Top of Available data

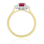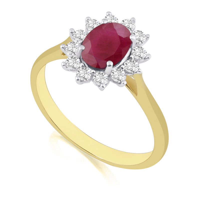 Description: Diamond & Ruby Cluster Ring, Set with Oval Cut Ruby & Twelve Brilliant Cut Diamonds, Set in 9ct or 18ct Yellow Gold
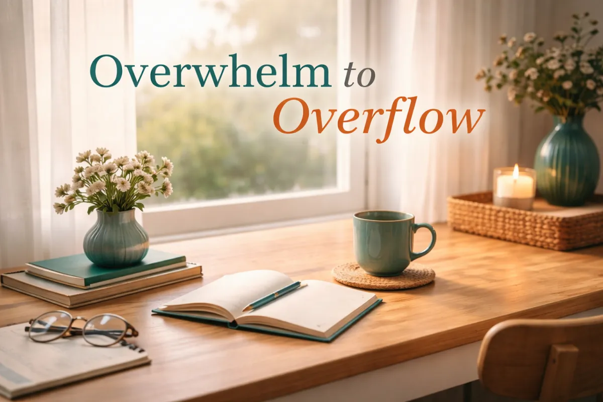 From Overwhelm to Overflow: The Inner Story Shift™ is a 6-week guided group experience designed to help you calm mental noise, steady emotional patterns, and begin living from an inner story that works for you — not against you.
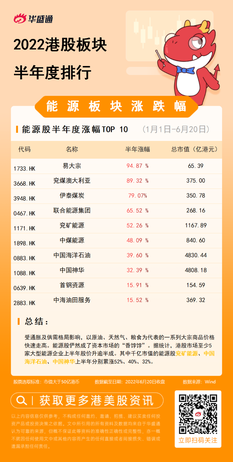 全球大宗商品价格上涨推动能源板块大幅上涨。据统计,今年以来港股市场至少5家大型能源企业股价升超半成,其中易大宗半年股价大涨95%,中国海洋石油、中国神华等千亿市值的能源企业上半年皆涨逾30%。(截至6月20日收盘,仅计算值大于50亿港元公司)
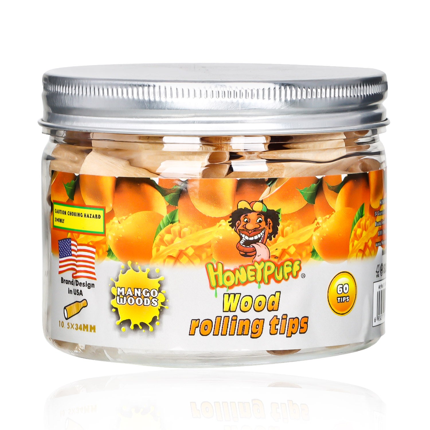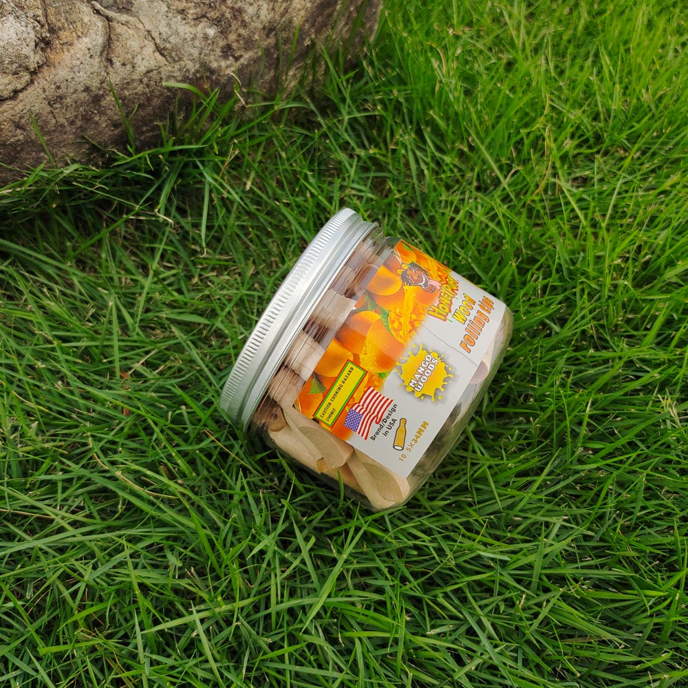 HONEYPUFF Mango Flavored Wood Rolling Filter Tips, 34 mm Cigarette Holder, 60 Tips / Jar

Bottom of Available data
Top of Available data

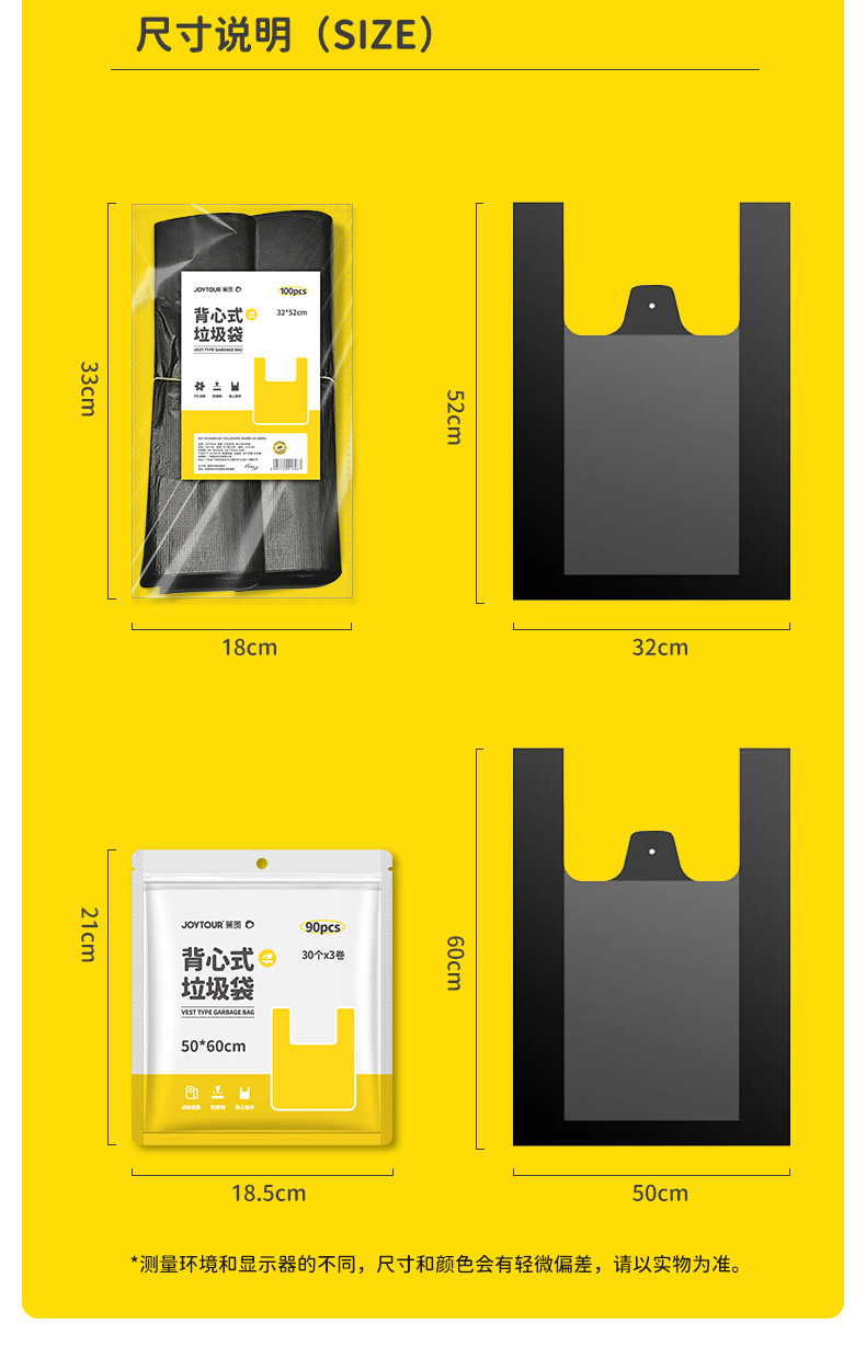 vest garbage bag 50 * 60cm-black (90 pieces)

Bottom of Available data

#### Task details:
Reproduce the listing above only between the lines holding "From Overwhelm to" and "全球大宗商品价格上涨推动能源", inclusive. Every line must match exactly, and pictures are dropped.

#### Result of the exercise:
 From Overwhelm to Overflow: The Inner Story Shift™ is a 6-week guided group experience designed to help you calm mental noise, steady emotional patterns, and begin living from an inner story that works for you — not against you.
 全球大宗商品价格上涨推动能源板块大幅上涨。据统计,今年以来港股市场至少5家大型能源企业股价升超半成,其中易大宗半年股价大涨95%,中国海洋石油、中国神华等千亿市值的能源企业上半年皆涨逾30%。(截至6月20日收盘,仅计算值大于50亿港元公司)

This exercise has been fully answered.